#### Supplied material

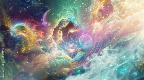 a fantastical abstract wonderland brimming with vibrant hues and surreal shapes, surrounded by a spacious white space for text
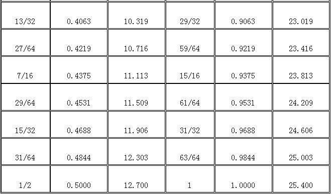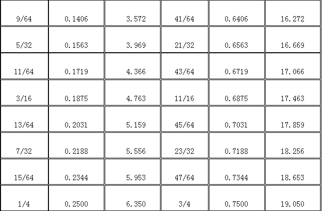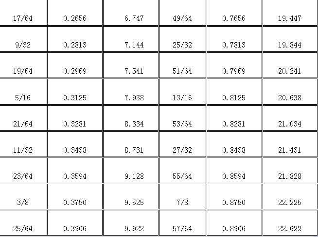 018-010 分?jǐn)?shù)、小數(shù)和毫米之間的換算
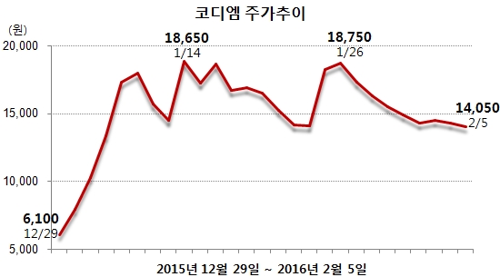 ÀÌ·± ÄÚµð¿¥Àº Áö³ÇØ 12¿ù 29ÀÏ ÄÚ½º´Ú ½ÃÀå¿¡ ÁÖ½ÄÀ» °ø°³ÇÏ¸ç »óÀå±â¾÷ÀÌ µÆ´Ù. »óÀå ÀÌÈÄ ÄÚµð¿¥ÀÇ ÁÖ°¡´Â ¿À¸£³»¸®±â¸¦ ¹Ýº¹Çϸ鼵µ °á°úÀûÀ¸·Î »ó´çÈ÷ ¿Ã¶ú´Ù. ÀÌ¿¡ Áõ±Ç°¡¿¡¼´Â ¡®»ï¼ºÀüÀÚ¡¯¶ó´Â źźÇÑ ¹è°æÀÌ ÀÛ¿ëÇÑ È¿°ú¶ó´Â ½Ã°¢ÀÌ Áö¹èÀûÀÌ´Ù.
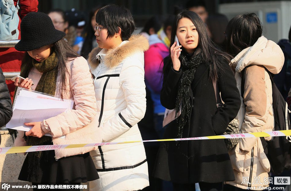 2015年01月30日讯,北京,29日,参加外省市高校艺术类校考的学生们云集北京戏曲艺术职业学院考点内,场面壮观靓丽养眼。图为艺考学生。
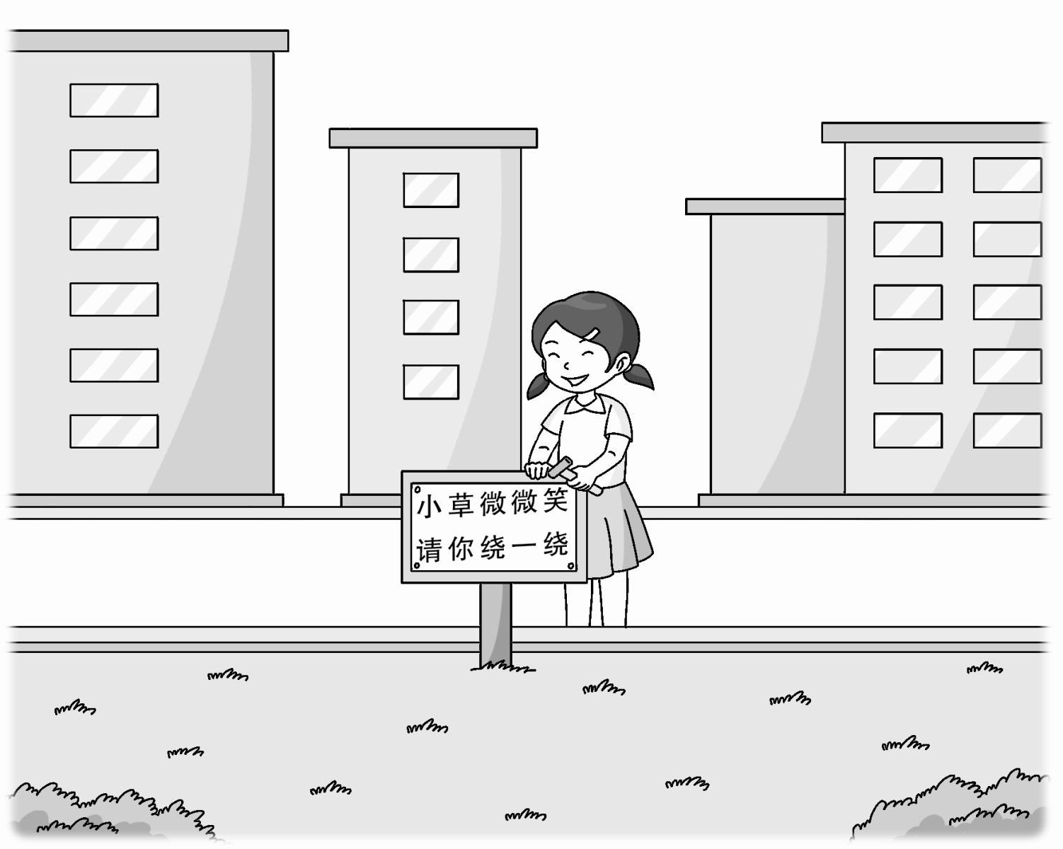 星期天,丽丽早早地来到了小区的草坪前,把写有“小草微微笑,请你绕一绕”的标语牌立在了草坪边上,嘴里还快乐地唱着:“没有花香,没有树高,我是一棵无人知道的小草……”
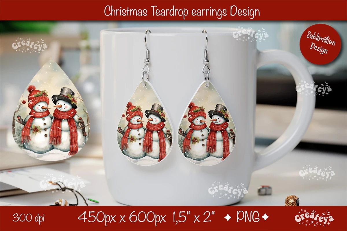 Christmas teardrop earrings sublimation design with watercolor Snowman. Express your individuality, elevate your mood, and spread joy with these earrings. They also make a perfect gift for any occasion. Embrace your unique style and let the Christmas Earrings be your artistic expression!
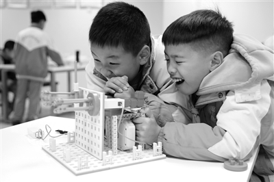 圖為湖南省湘西土家族苗族自治州溶江小學人工智能機器人社團的學生們在體驗學習。“雙減”政策實施以來,溶江小學開設多種科技社團,在落實“雙減”工作的同時,放飛學生們的科技夢想。彭彪 攝
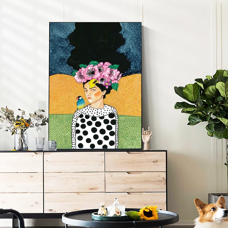 Винтажная девушка волосы цветы аквариум искусство холст печать абстрактная фигурка Настенная картина гостиная домашний декор плакат
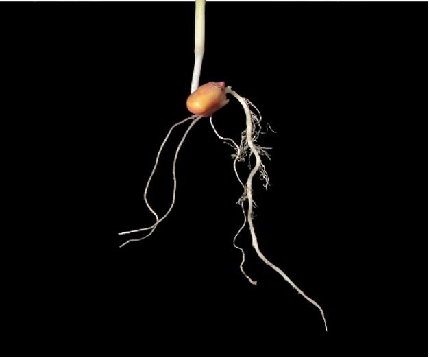 Figure 2. Corn seedling that was planted with the kernel tip angled upward, showing how both the coleoptile and radicle had to bend as they elongated to grow in the proper direction.
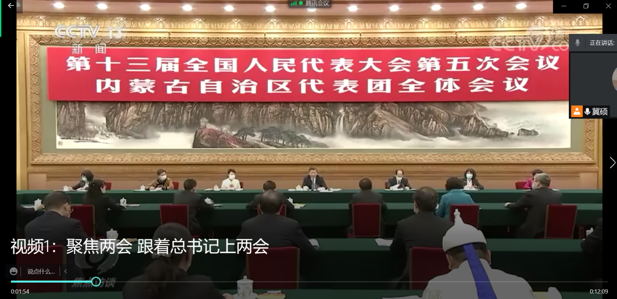 2022年3月31日,太阳成集团122ccvip研究生第一党支部于腾讯会议平台开展了两会线上学习交流,并观看了第十三届全国人民代表大会第五次会议视频。会议由党支部书记冀硕同志主持,第一党支部全体参加。
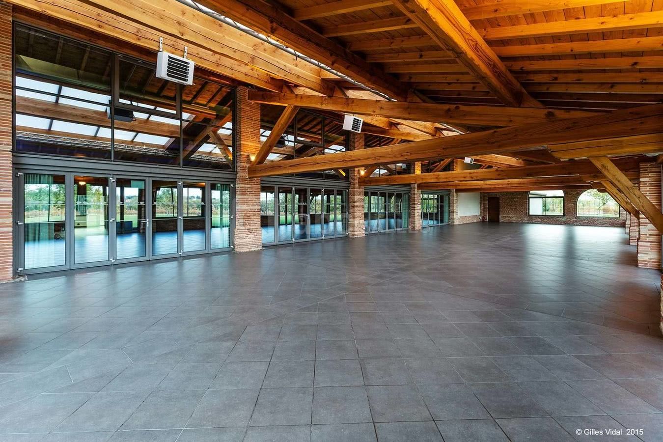 Arrivée majestueuse dans le parc, échange d'alliances sous l'allée de pins parasols, vin d'honneur dans un environnement bucolique et dîner dans une magnifique salle aux matériaux nobles de briques toulousaines et charpentes apparentes... Laissez aller votre imagination.

########

- What is required -
From the line that contains "Figure 2. Corn" to the end of the listing, give every line again exactly as written. Leave the pictures out.

- Written answer -
 Figure 2. Corn seedling that was planted with the kernel tip angled upward, showing how both the coleoptile and radicle had to bend as they elongated to grow in the proper direction.
 2022年3月31日,太阳成集团122ccvip研究生第一党支部于腾讯会议平台开展了两会线上学习交流,并观看了第十三届全国人民代表大会第五次会议视频。会议由党支部书记冀硕同志主持,第一党支部全体参加。
 Arrivée majestueuse dans le parc, échange d'alliances sous l'allée de pins parasols, vin d'honneur dans un environnement bucolique et dîner dans une magnifique salle aux matériaux nobles de briques toulousaines et charpentes apparentes... Laissez aller votre imagination.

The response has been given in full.